Copyright strike basics
If you get a copyright strike, that means your video has been taken down from YouTube because a copyright owner sent us a complete and valid legal request asking us to do so. When a copyright owner formally notifies us that you don’t have their permission to post their content on the site, we take down your upload to comply with the Digital Millennium Copyright Act.
Keep in mind, videos can be removed from the site for different reasons, not all of which are copyright-related. Also, Content ID claims don't result in a strike.
Deleting a video with a strike won’t resolve your strike.
Receiving a copyright strike will put your account in bad standing and you will lose access to certain YouTube features.

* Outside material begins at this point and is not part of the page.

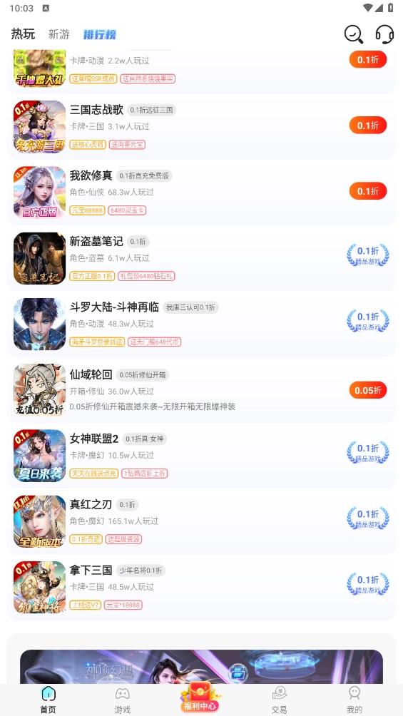 2、打开软件,首页涵盖了热游、新游、排行榜等等资源。

If you receive three copyright strikes:
- Your account will be terminated.
- All the videos uploaded to your account will be removed.
- You won't be able to create new accounts.
- Sign in to your YouTube account.
- In the top right, click your account icon > Creator Studio.
- On the left, click Video manager > Copyright notices.
- Click Copyright strike next to a video to learn more about the removal.
There are three ways to resolve a copyright strike.
- Wait for it to expire: A copyright strike will expire in six months as long as you complete Copyright School and don't receive any additional copyright strikes during that time.
- Get a retraction: You can contact the person who claimed your video and ask them to retract their claim of copyright infringement.
- Submit a counter notification: If your video was mistakenly removed because it was misidentified as infringing, or qualifies as a potential fair use, you may wish to submit a counter notification.